WORK INSTRUCTIONS ▸ After finding "Toss your cap, grad!" in a line below, print that line and the rest of the lines exactly, leaving out all pictures.

DATASET SECTION ▸
□ □ □ □ □
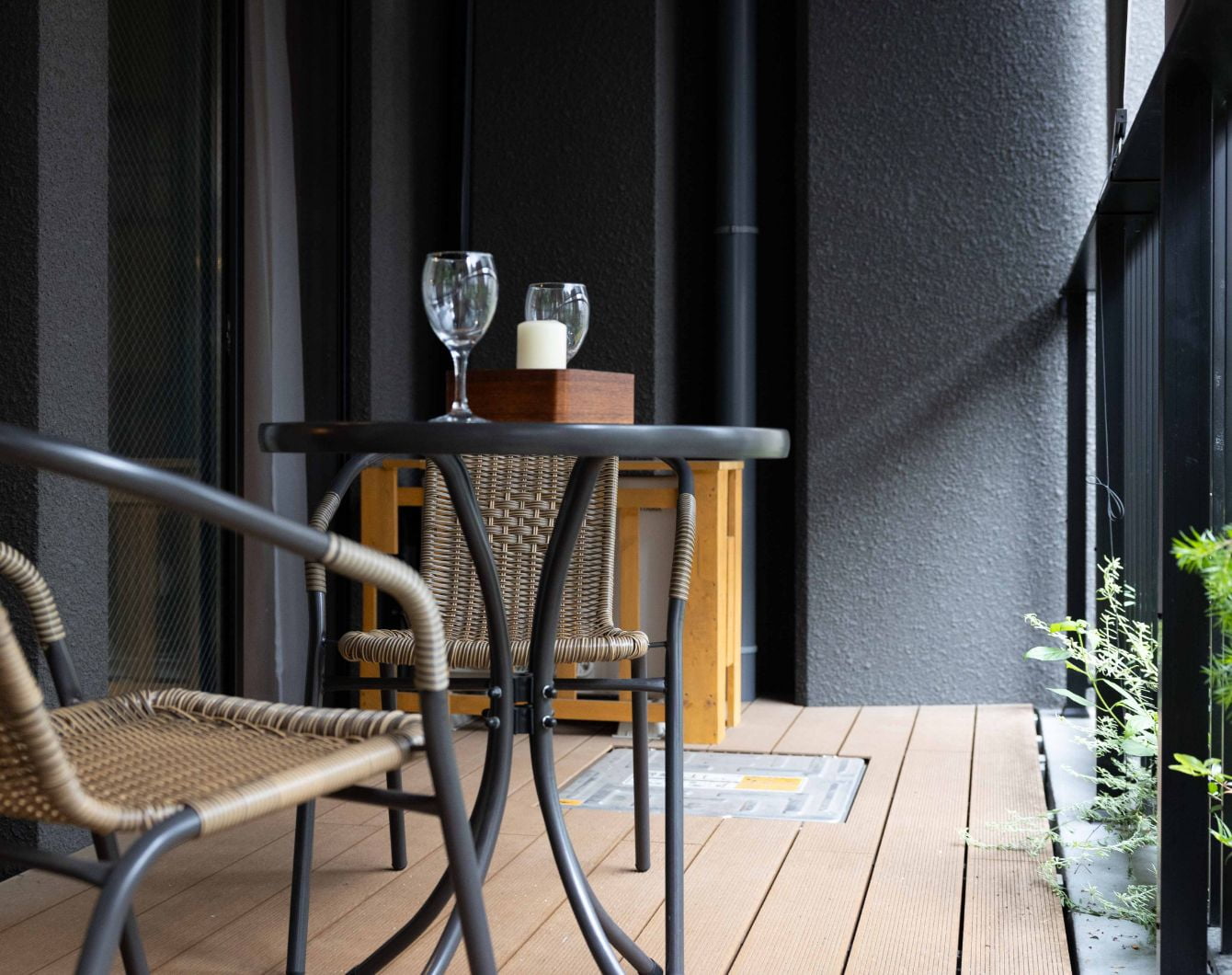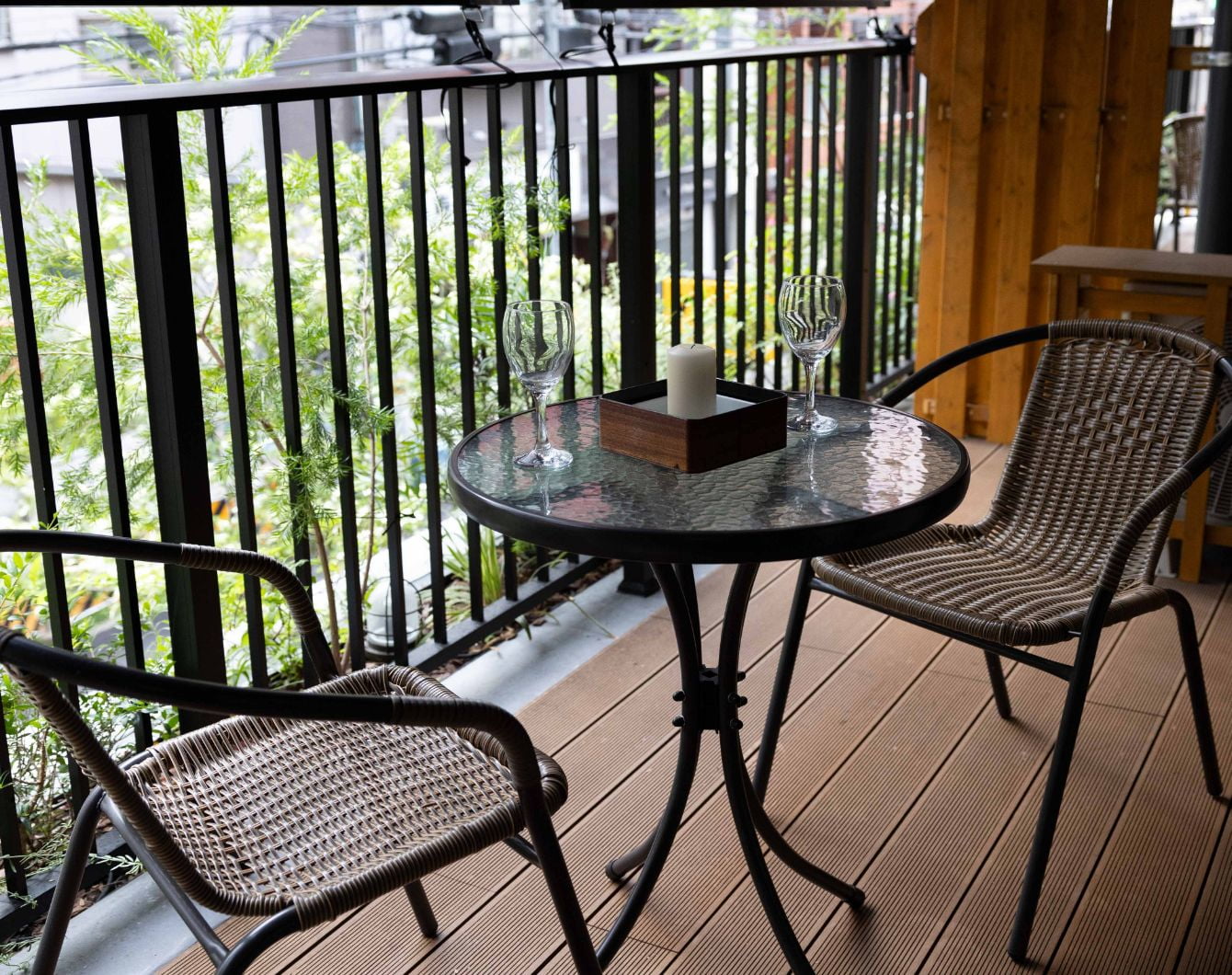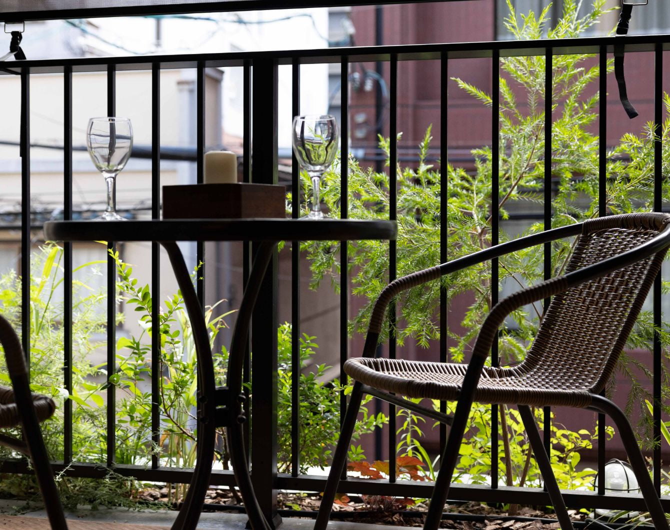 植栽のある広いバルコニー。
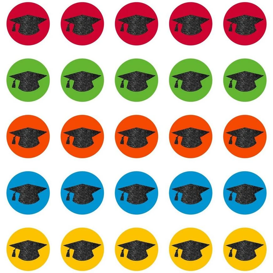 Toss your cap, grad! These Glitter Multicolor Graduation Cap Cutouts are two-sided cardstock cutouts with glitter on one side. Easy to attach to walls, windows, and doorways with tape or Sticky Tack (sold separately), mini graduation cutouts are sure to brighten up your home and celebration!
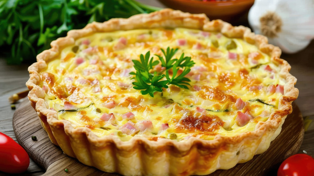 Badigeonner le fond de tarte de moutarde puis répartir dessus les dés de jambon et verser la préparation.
□ □ □ □ □
RESPONSE TO THIS TASK ▸
 Toss your cap, grad! These Glitter Multicolor Graduation Cap Cutouts are two-sided cardstock cutouts with glitter on one side. Easy to attach to walls, windows, and doorways with tape or Sticky Tack (sold separately), mini graduation cutouts are sure to brighten up your home and celebration!
 Badigeonner le fond de tarte de moutarde puis répartir dessus les dés de jambon et verser la préparation.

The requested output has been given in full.